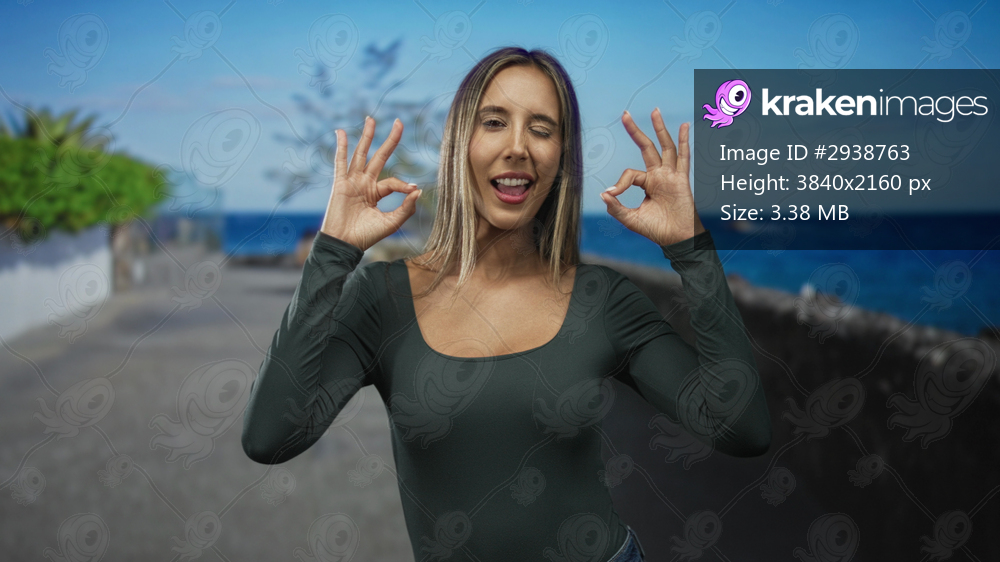Woman winking and sticking tongue out while making ok sign with both hands on a seaside promenade street, relaxed cheeky expression; playful.
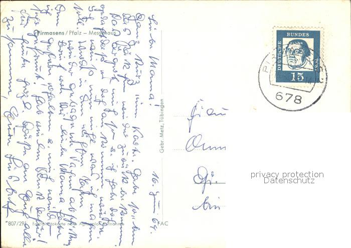 72421475 alte Postkarte Pirmasens Messehaus postalisch gelaufen Erhaltung siehe scans KatCode: 11110007317000
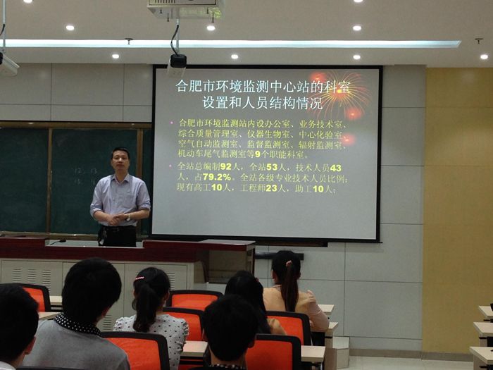 5月9日下午,“合肥市環(huán)境監(jiān)測(cè)的現(xiàn)狀和未來(lái)發(fā)展”的學(xué)術(shù)報(bào)告在我校35幢312報(bào)告廳舉行,報(bào)告會(huì)主講人是合肥市環(huán)境監(jiān)測(cè)中心站副站長(zhǎng)李菁。我校環(huán)境工程專業(yè)研究生及部分導(dǎo)師到場(chǎng)聆聽。
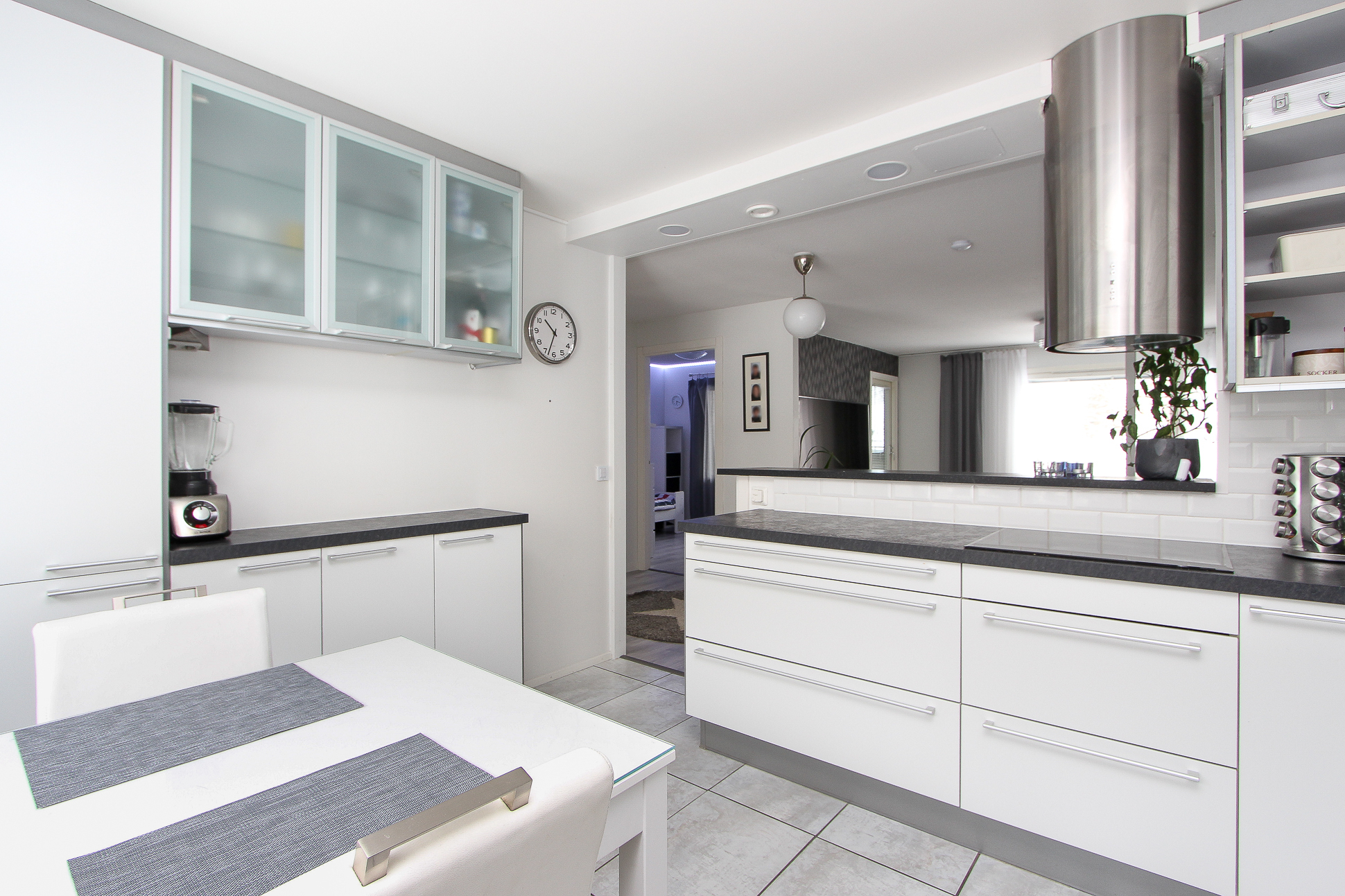 - Kaapistot, jääkaappi, induktioliesi, kiertoilmauuni, liesituuletin (hormiin), astianpesukone, mikroaaltouuni, komposiittiallas. Seinät maalattu, lattia laattaa, lattialämmitys.
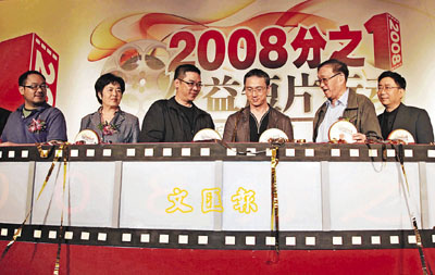 昨日,來自內地和香港的電影導演,包括謝晉(右二)、黃蜀芹(左二)、張一白(左)、王光利(右三)和關錦鵬(左三),以及學者余秋雨(右)一同在上海啟動《2008分之1》公益短片行動。《2008分之1》是為抗震救災而發起的公益短片拍攝行動,現已得到眾多導演的支持,日前陳凱歌已宣佈夥拍劉翔和姚明於美國拍攝,另外已確認參加本次公益行動的導演還包括顧長衛、王小帥、陸川、徐克等。 ■中新社
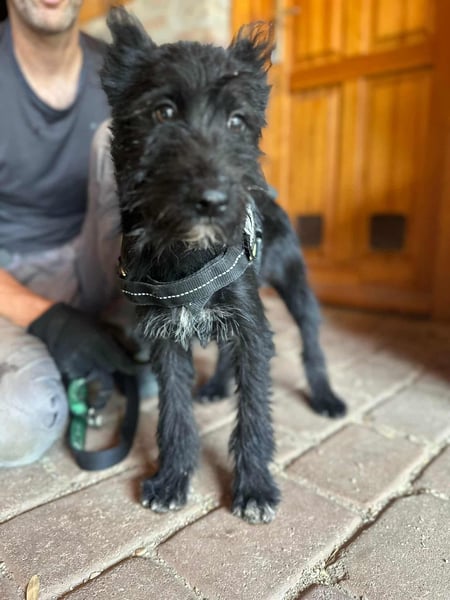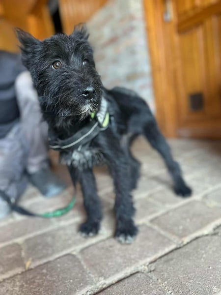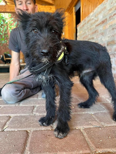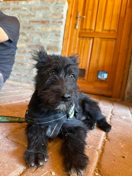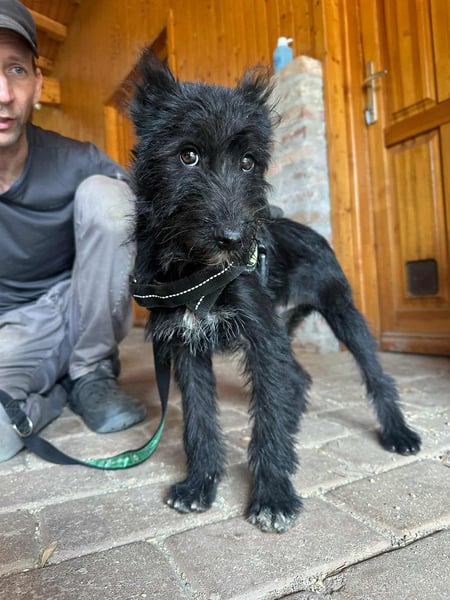 Mit anderen Hunden versteht er sich wunderbar, geht bereits gut an der Leine und beobachtet die Welt mit großen, staunenden Augen.
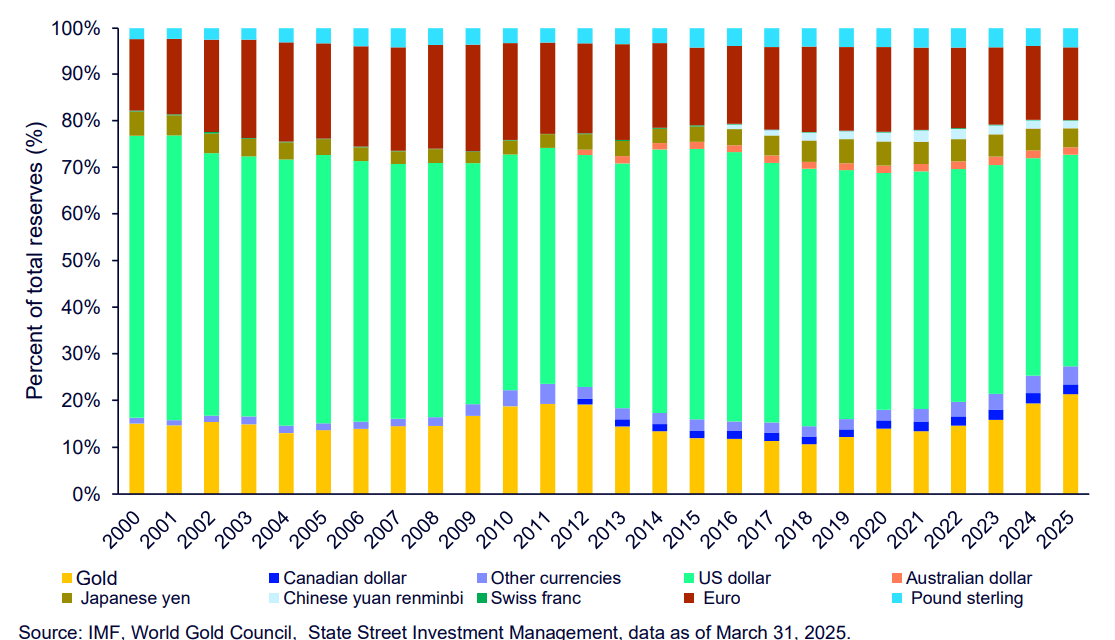 Moreover, Gold’s share of Global Reserves has climbed to levels not seen in about 30 years, reaching 21% as of Q1 2025, according to State Street Investment Management. Additionally, the World Gold Council reports 26.8% as of Q2 2025. This upward trend underscores Gold’s role as a leading alternative to fiat instruments and further solidifies its case as a structural hedge in the world.
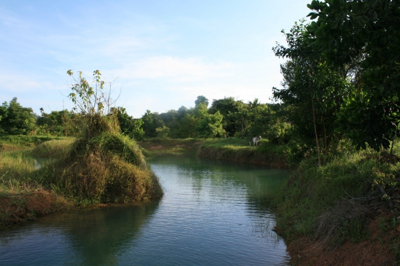 Old maps of our area show a body of water near the resort and, as is usual in Thailand, the villages are named after the landscape, so the biggest village back then was called White Water lake (Nong Nam Kao in Thai.) I knew nothing about this four years ago, when our gardener took a guest to visit this place, who was interested in buying land and planting an avocado orchard. It was Mother's Day, August 12, so it was the rainy season. We hadn't walked far when our heels sank into the mud and I noticed reeds and puddles up ahead. We quickly retreated as l realized this land would not be suitable for an avocado orchard.
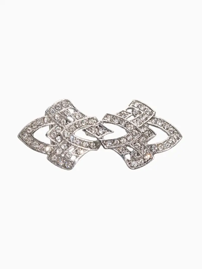 Зажим для кардигана "Ажур", винтажные пики, цвет белый в серебре
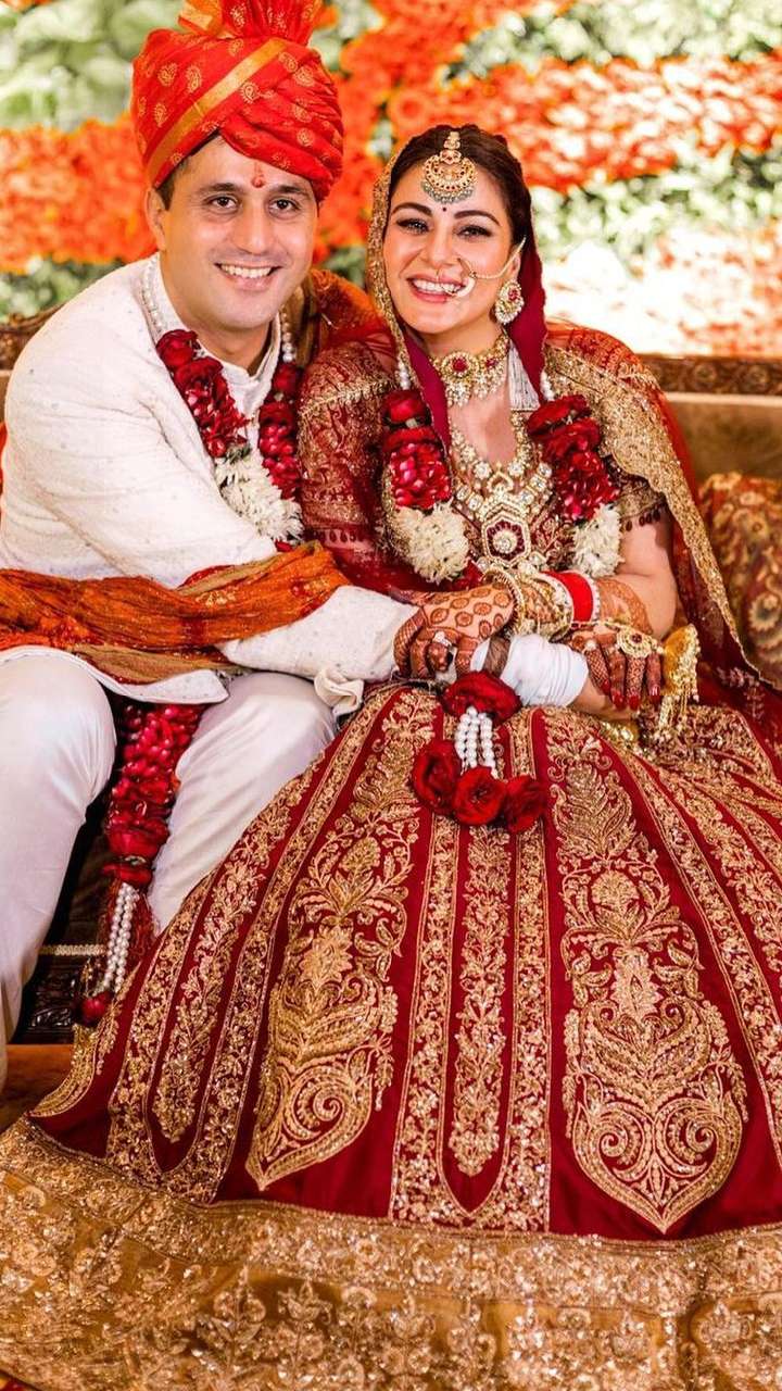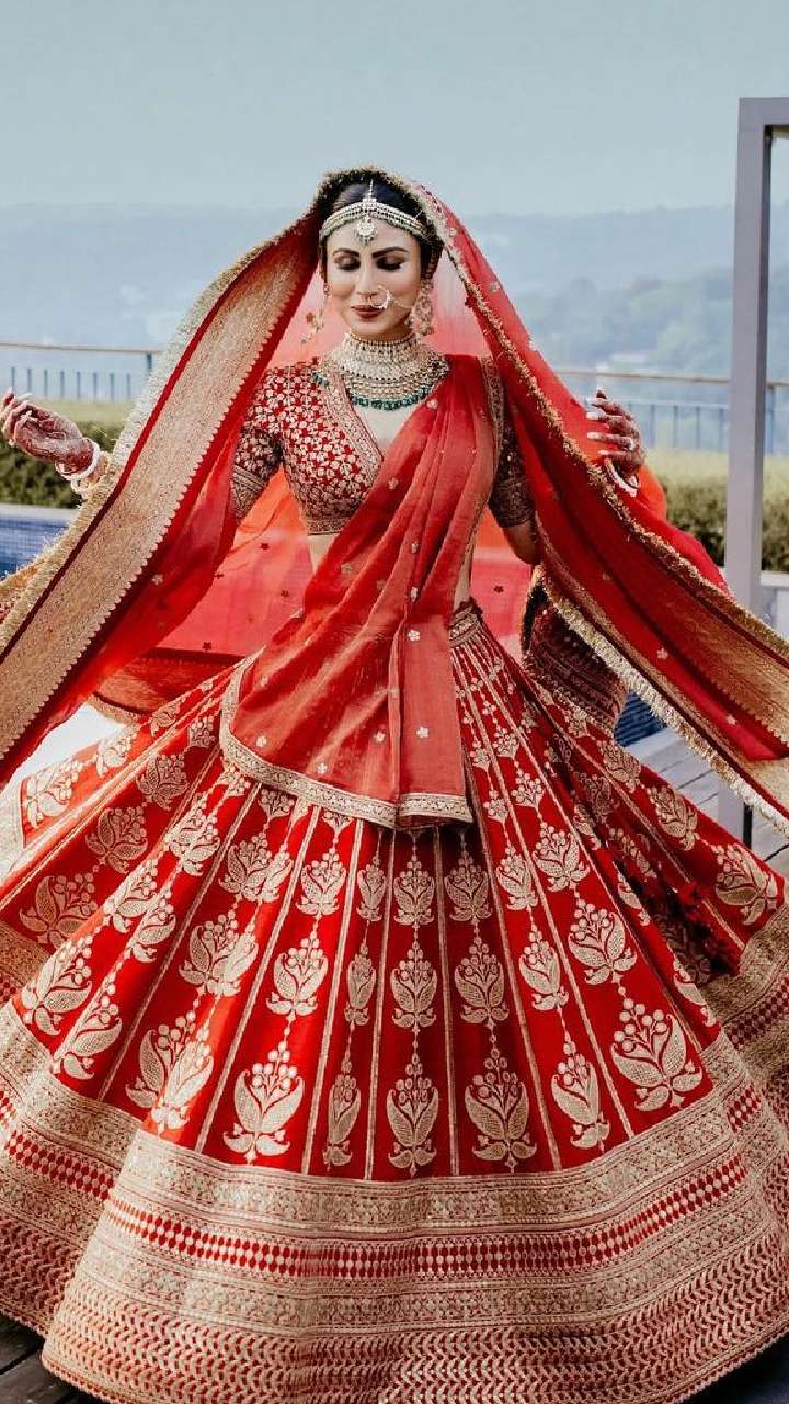 टीवी की नागिन मौनी रॉय भी शादी के सुर्ख लाल जोड़े में बला की खूबसूरत नजर आई थीं।

..........

- [Aim of the exercise]:
Could you set down, exactly as written, every line from the one with "Зажим для кардигана" to the end of the data, both ends included? Leave out the pictures.

- [Output of the task]:
 Зажим для кардигана "Ажур", винтажные пики, цвет белый в серебре
 टीवी की नागिन मौनी रॉय भी शादी के सुर्ख लाल जोड़े में बला की खूबसूरत नजर आई थीं।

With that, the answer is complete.